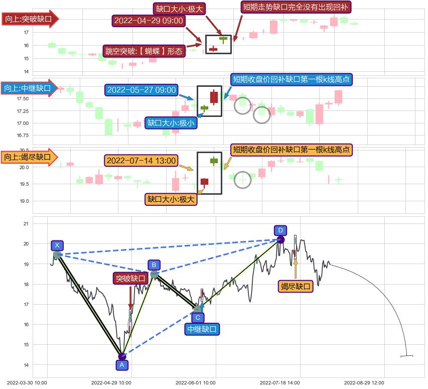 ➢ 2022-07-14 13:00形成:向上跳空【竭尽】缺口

○ ○ ○ ○

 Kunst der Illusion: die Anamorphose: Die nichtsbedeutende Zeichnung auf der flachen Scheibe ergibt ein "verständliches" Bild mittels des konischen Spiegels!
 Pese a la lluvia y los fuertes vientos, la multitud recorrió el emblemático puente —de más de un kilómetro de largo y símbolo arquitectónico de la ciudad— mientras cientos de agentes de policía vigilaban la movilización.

○ ○ ○ ○

*Try it:* Beginning with the line containing "Kunst der Illusion: die" in the material above, copy every line exactly until you have copied the line containing "Pese a la lluvia".

*Answer to this task:*
 Kunst der Illusion: die Anamorphose: Die nichtsbedeutende Zeichnung auf der flachen Scheibe ergibt ein "verständliches" Bild mittels des konischen Spiegels!
 Pese a la lluvia y los fuertes vientos, la multitud recorrió el emblemático puente —de más de un kilómetro de largo y símbolo arquitectónico de la ciudad— mientras cientos de agentes de policía vigilaban la movilización.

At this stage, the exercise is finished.